WHAT THIS TASK INVOLVES ->
With the images removed, transcribe the listing that follows exactly.

DATA EXCERPT ->
========================

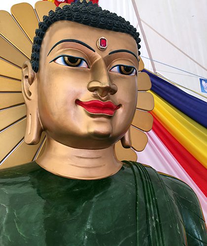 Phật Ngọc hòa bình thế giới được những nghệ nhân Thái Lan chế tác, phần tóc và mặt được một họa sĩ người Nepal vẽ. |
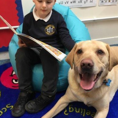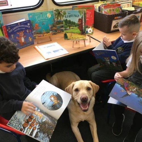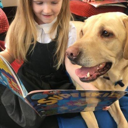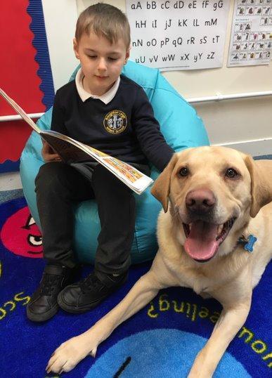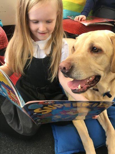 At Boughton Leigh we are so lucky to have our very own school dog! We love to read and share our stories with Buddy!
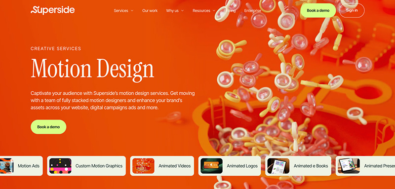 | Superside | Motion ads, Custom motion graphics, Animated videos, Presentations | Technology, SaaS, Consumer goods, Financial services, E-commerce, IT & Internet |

========================

RESULT FOR THIS TASK ->
 Phật Ngọc hòa bình thế giới được những nghệ nhân Thái Lan chế tác, phần tóc và mặt được một họa sĩ người Nepal vẽ. |
 At Boughton Leigh we are so lucky to have our very own school dog! We love to read and share our stories with Buddy!
 | Superside | Motion ads, Custom motion graphics, Animated videos, Presentations | Technology, SaaS, Consumer goods, Financial services, E-commerce, IT & Internet |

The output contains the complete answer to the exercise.